• [Data for this task]
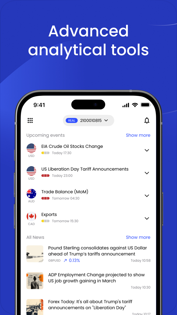 Mantente informado con las funciones de noticias del mercado en tiempo real y análisis disponibles dentro de la aplicación para mejorar tus estrategias de trading.
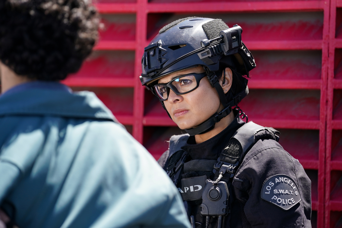 “Farewell” – When control of a university chemistry lab is seized, the SWAT team races to thwart a devastating terror attack, on the fifth season finale of the CBS Original series S.W.A.T., Sunday, May 22 (10:00-11:00 PM, ET/PT) on the CBS Television Network, and available to stream live and on demand on Paramount+*. Pictured (L-R): Lina Esco as Christina “Chris” Alonso. Photo: Bill Inoshita/CBS ©2022 CBS Broadcasting, Inc. All Rights Reserved.
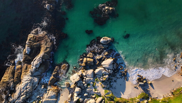 Aerial view of rugged, sun-kissed boulders meeting the turquoise ocean, while the shoreline whispers tales of time, Cape Town, Western Cape, South Africa.
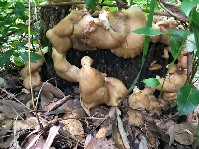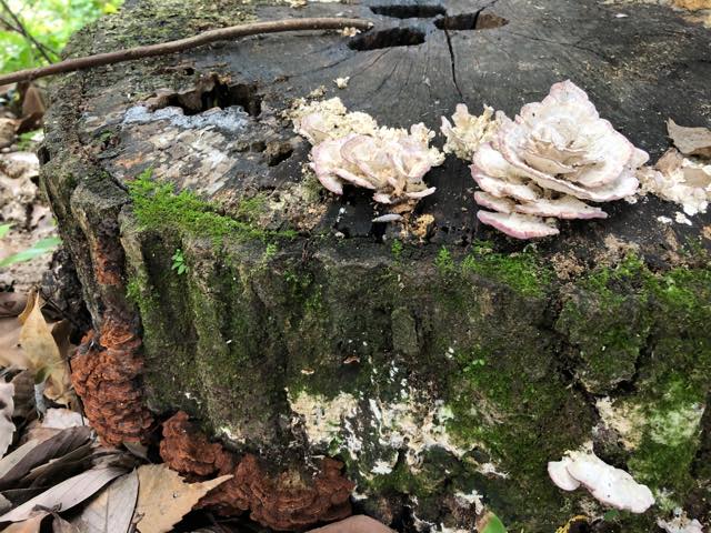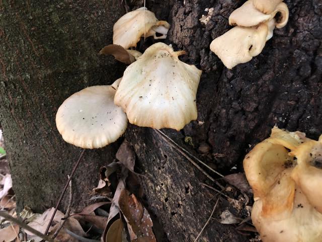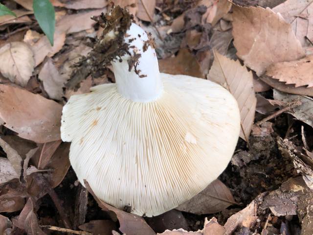 2週間ぶりの衣笠キャンパス。定点観察地点を周ってみると、ウスヒラタケとシロハツ系のきのこが沢山出ていた。
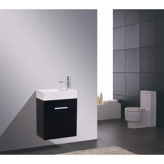 KubeBath Bliss 18" Black Wall-Mounted Modern Bathroom Vanity With Single Integrated Acrylic Sink With Overflow
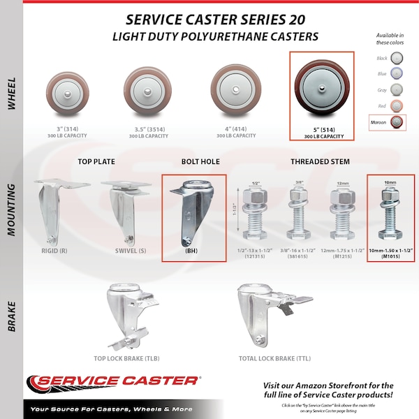 Listing is for a set of four (4) Service Caster Series #20 stainless steel casters, two (2) swivel 10mm-1.50 X 1-1/2" metric threaded stem with total lock brake casters and two (2) swivel casters, with 5” diameter by 1-1/4” wide maroon polyurethane wheels. Supports a total weight of 1,200lbs (300lbs/per caster).When searching for a reliable and durable solution to your caster needs, consider Service Caster’s Series 20 stainless steel threaded stem polyurethane casters. The Service Caster Series #20 is ideal for light and medium duty material handling, carts, equipment, and shop projects. The threaded stem is available in standard or metric sizes and ensures a solid and secure attachment. The polished stainless steel finish provides durability under any condition, while the non-marking, non-marring polyurethane wheels perform especially well on hard surfaces such as concrete, tile, and wood. All rolling via a finely crafted ball bearing design that will keep you moving forward. Service Caster is unsurpassed in quality, reliability, and excellent customer service. Count on us to move you forward.
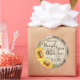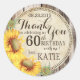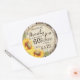 Adesivo Redondo Campo Girassóis Madeira russa Obrigado Rótulo
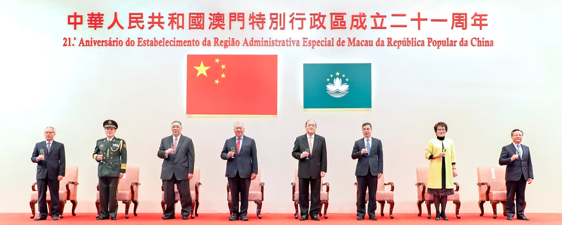 特區政府於12月20日舉行澳門特別行政區成立21周年慶祝酒會,行政長官賀一誠致辭時表示,期望各界繼續發揚愛國愛澳精神,團結一心,不斷推進具澳門特色的「一國兩制」實踐,爲實現中華民族偉大復興的中國夢,做出應有的貢獻。
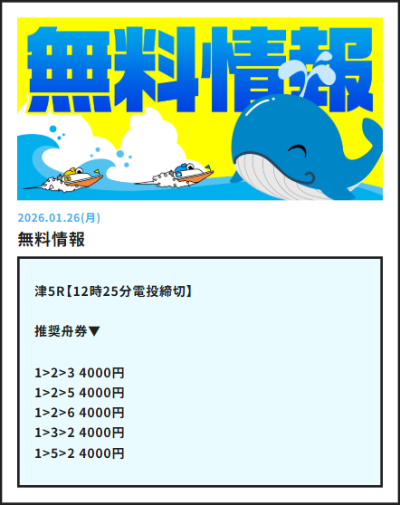 津競艇で今日1月26日(月)行われる競艇レースの無料予想を掲載しております。
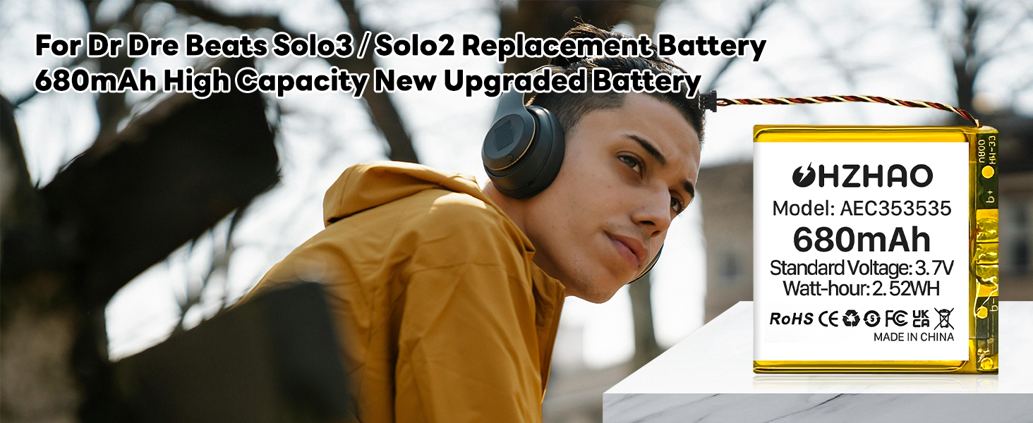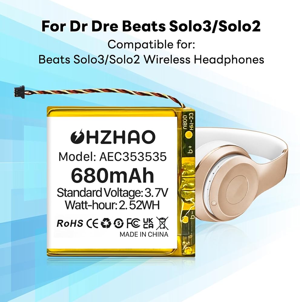 بطارية بديلة 680 مللي أمبير في الساعة AEC353535 لسماعات Beats by Dr Dre Beats Solo3 Solo2 اللاسلكية، بطارية عالية السعة 3.7 فولت
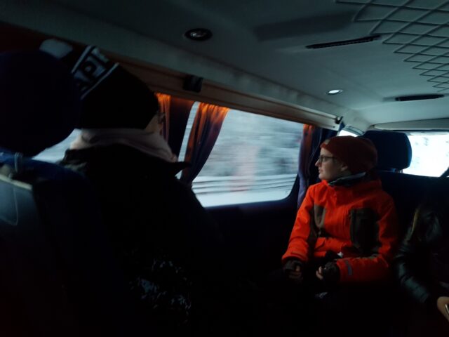 après avoir rendu les skis de fond on est pris en charge dans un Minibus qui nous emmène à la ferme des Rennes.
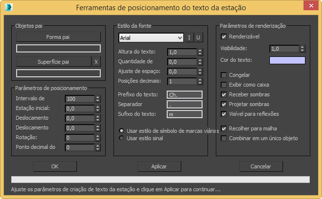 - Define a altura do texto da estação nas unidades do sistema 3ds Max.
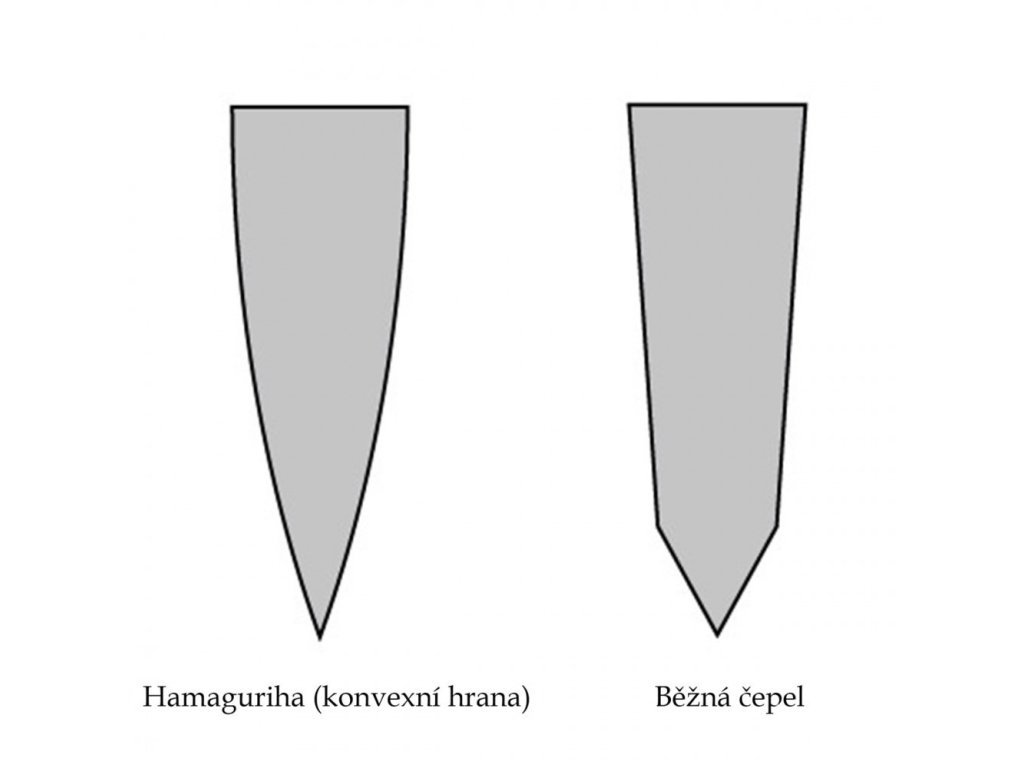 Ostrost: Hamaguriha (konvexní hrana) Vynikající prášková ocel SPG2 je broušena do tvaru "hamaguriba", stejně tak jako japonské meče. Tímto je zaručena dokonalá ostrost a trvanlivost ostří.
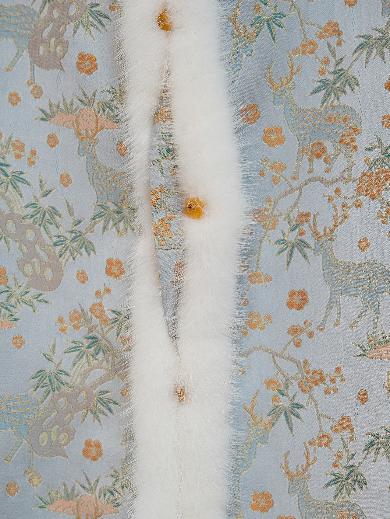 盛唐婧 |中式国风缠枝花水貂毛马甲
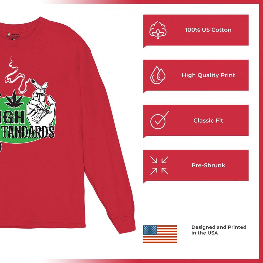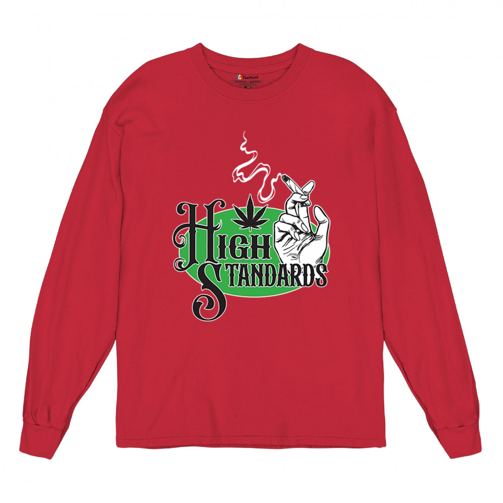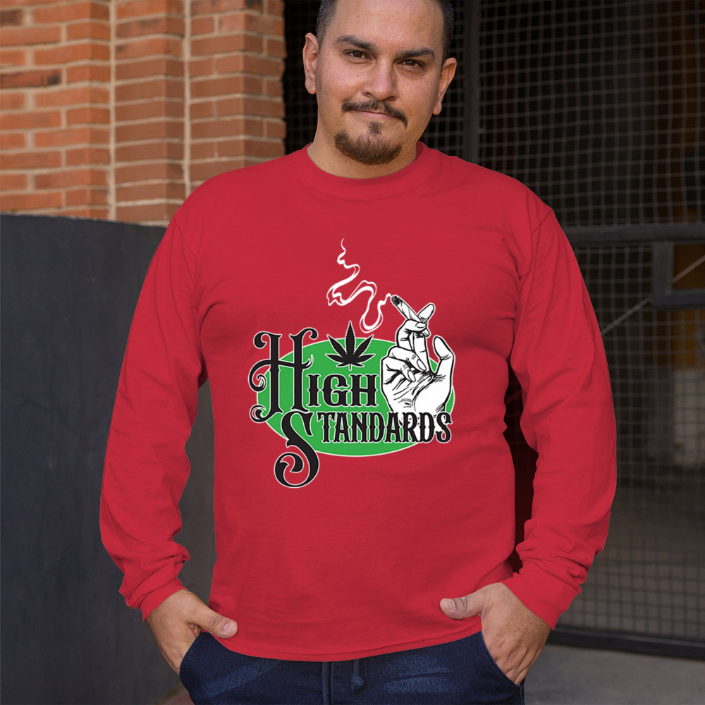 High Standards weed design with blunt humor and stoner pride. Features joint, cannabis leaf, pothead attitude, and classy chillout vibes.

• [Assigned task] Output only the lines that run from the line containing "津競艇で今日1月26日(月)行われる競艇レースの無料予想を掲載しております。" to the last line of the data, exactly as they stand and without pictures.

• [Answer for the task]
 津競艇で今日1月26日(月)行われる競艇レースの無料予想を掲載しております。
 بطارية بديلة 680 مللي أمبير في الساعة AEC353535 لسماعات Beats by Dr Dre Beats Solo3 Solo2 اللاسلكية، بطارية عالية السعة 3.7 فولت
 après avoir rendu les skis de fond on est pris en charge dans un Minibus qui nous emmène à la ferme des Rennes.
 - Define a altura do texto da estação nas unidades do sistema 3ds Max.
 Ostrost: Hamaguriha (konvexní hrana) Vynikající prášková ocel SPG2 je broušena do tvaru "hamaguriba", stejně tak jako japonské meče. Tímto je zaručena dokonalá ostrost a trvanlivost ostří.
 盛唐婧 |中式国风缠枝花水貂毛马甲
 High Standards weed design with blunt humor and stoner pride. Features joint, cannabis leaf, pothead attitude, and classy chillout vibes.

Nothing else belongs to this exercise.